The Planning Commission was first to deny the project by a 3-2 vote in April. The applicant appealed the decision, which brought the final decision in front of the City Council on Aug. 16 – where the project was also rejected in a 3-2 vote, upholding the Planning Commission’s previous action.
According to city staff, the applicant, John Beery, on behalf of the property owner, Leslie Wang, had requested a conditional use permit to operate a licensed residential care facility for more than seven residents, otherwise known as an assisted living facility.
The facility would have included three separate buildings — each building housing 15 residents for a total of 45 residents — for a combined size of 21,190 square feet. The facility would be accessible on Wedgewood Avenue.
The 4.27-acre property is already developed with an existing single-family residence, built in 1992 and accessed via Reed Road, that currently operates as a licensed residential care facility with no more than six residents.
Planning Commissioners were concerned about onsite and delivery traffic circulation affecting the neighborhood and the well-being of an old oak tree on the property line. Commissioners also felt the applicant had not submitted enough information demonstrating the project’s design.
Through the applicant’s appeal process, staff worked with the applicant to address these issues by requiring a condition of approval requiring the applicant to submit a detailed letter of operations outlining the frequency, hours and nature of deliveries before receiving a business license and an arborist report detailing the health of the tree and ways to protect it.

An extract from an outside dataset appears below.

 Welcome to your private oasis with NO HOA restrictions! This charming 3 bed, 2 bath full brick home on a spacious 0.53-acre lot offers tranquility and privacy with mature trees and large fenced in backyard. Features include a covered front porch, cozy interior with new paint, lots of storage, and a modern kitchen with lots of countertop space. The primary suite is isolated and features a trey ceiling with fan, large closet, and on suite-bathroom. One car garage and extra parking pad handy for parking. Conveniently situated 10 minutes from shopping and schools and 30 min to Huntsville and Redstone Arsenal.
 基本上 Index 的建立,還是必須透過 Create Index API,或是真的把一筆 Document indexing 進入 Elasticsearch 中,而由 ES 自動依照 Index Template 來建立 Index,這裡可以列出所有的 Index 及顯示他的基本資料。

The applicant also submitted more renderings of the project.
Still, surrounding residents remained unconvinced that the proposed assisted living facility would fit well within their neighborhood.
“We’re going to be adversely impacted by this facility,” said Kamilah Brown, whose family lives on the Maxie Place cul-de-sac at the end of Wedgewood Avenue. “We’re going to be boxed in – there’s only one way in and out.”

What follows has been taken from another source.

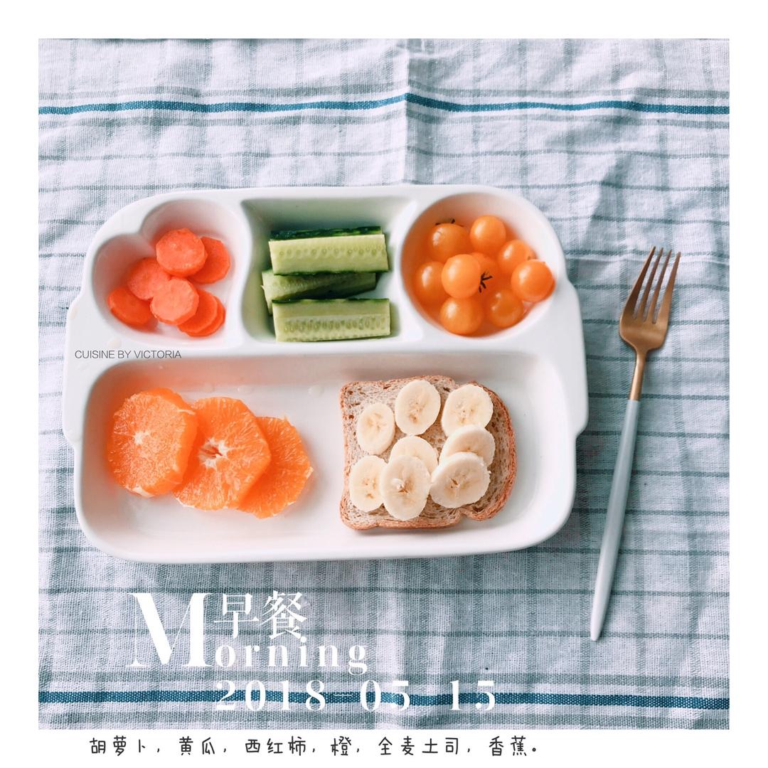 胡萝卜,黄瓜,西红柿,橙,香蕉,全麦土司。

Brown noted the community already struggles with heavy traffic from nearby Orange Glen High School, Hidden Valley Middle School, Oak Hill Memorial Park and construction at Mountain View Park.
Kent Smith, who lives on Jessica Lane across from the proposed facility, is also concerned about being blocked in by the facility’s traffic.

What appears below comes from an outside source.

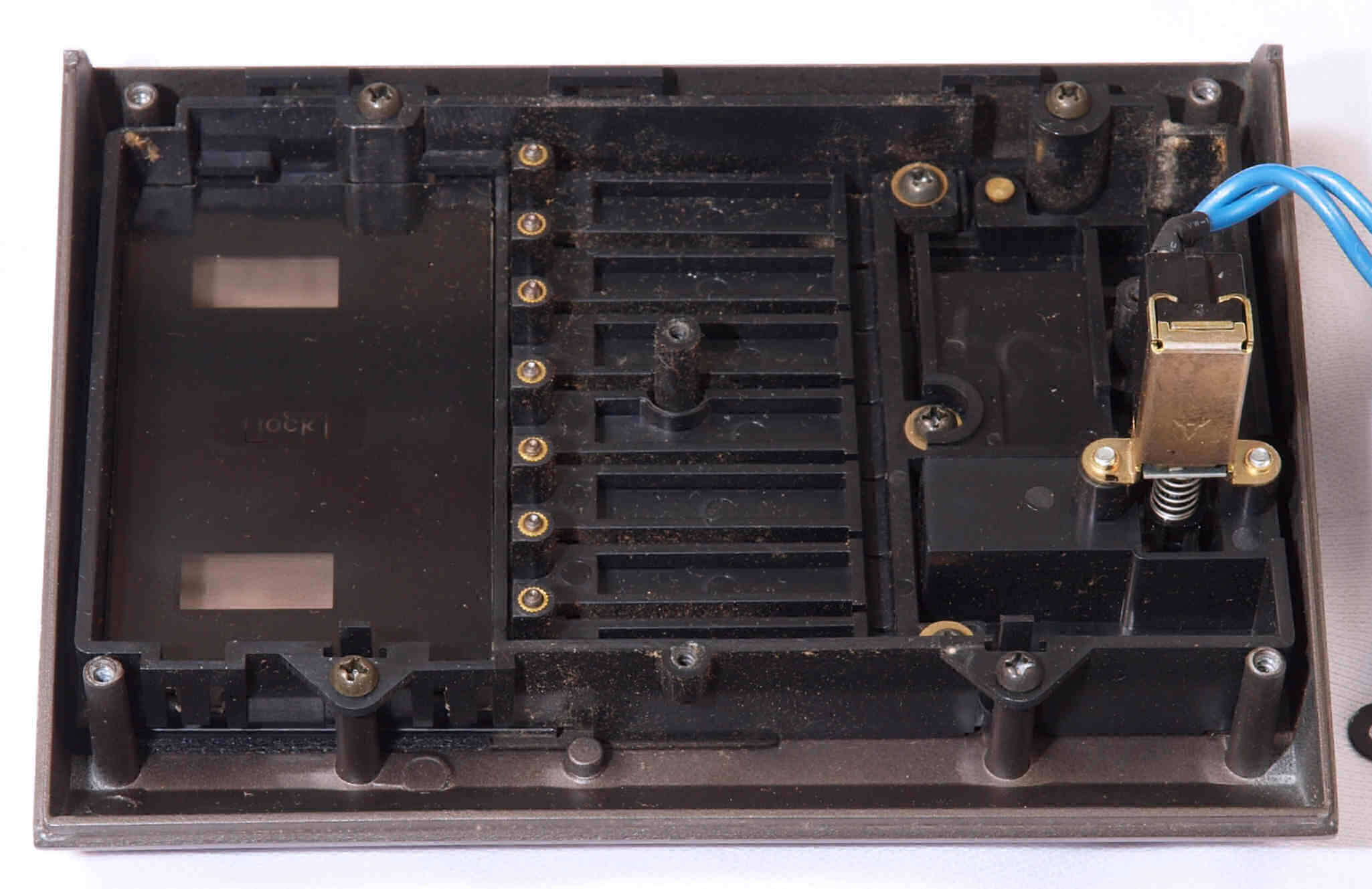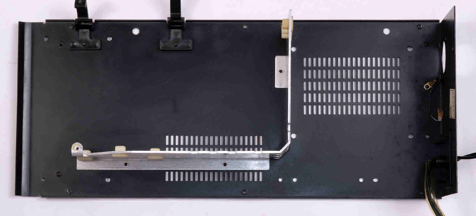A04. 点検中 過去のユーザや修理屋が「SP−10mkV」を取り外そうと試みたキズ後、 手前のカバーのみを持ち上げ、はく離している。

“We don’t want it next to us,” he said. “Come take a look at this place before you drop a facility this size in a one way in, one way out area. It needs to be someplace on the outskirts of a neighborhood. This neighborhood just doesn’t fit.”
Ivan Flores, associate planner with the city, noted that the city’s General Plan policy encourages residential care facilities to be located within residential districts, not in commercial or industrial zones.
“They’re meant for residential areas,” Flores told the City Council.
Wang, the property owner, said she has pursued helping older adults with her residential care facilities after wanting to help her grandmother without sending her away.
Wang also owns Solaris Senior Living Community in Poway.
“We take care of our elderly,” Wang said.
Wang said the proposed facility would remain as quiet as possible in response to some neighbors’ concerns about increased noise from the property.
Mayor Dane White, Deputy Mayor Joe Garcia and Councilmember Consuelo Martinez voted to reject the project.
Both Garcia and Martinez noted the project’s applicant should have conducted more community outreach.
“Seeing the response from the community coming out to speak against this leads me to believe that (community outreach) hasn’t happened,” Garcia said.
Councilmembers Mike Morasco and Christian Garcia, who voted to approve the project, fear they will open the property to dense housing development if the assisted living facility project isn’t approved first.
“Neighbors need to understand that because of the rules and regulations from the state, someone could come in there, divide it up into 8 to 16 single-family units, or they could put eight units with two ADUs on each of those properties,” Morasco said. “You could be looking at 24 different homes.”
Morasco was referring to the state’s density bonus law, which allows for density higher than what the city permits with the inclusion of affordable housing, and Senate Bill 9, a law allowing homeowners to split their property to create up to four homes on an existing single-family parcel.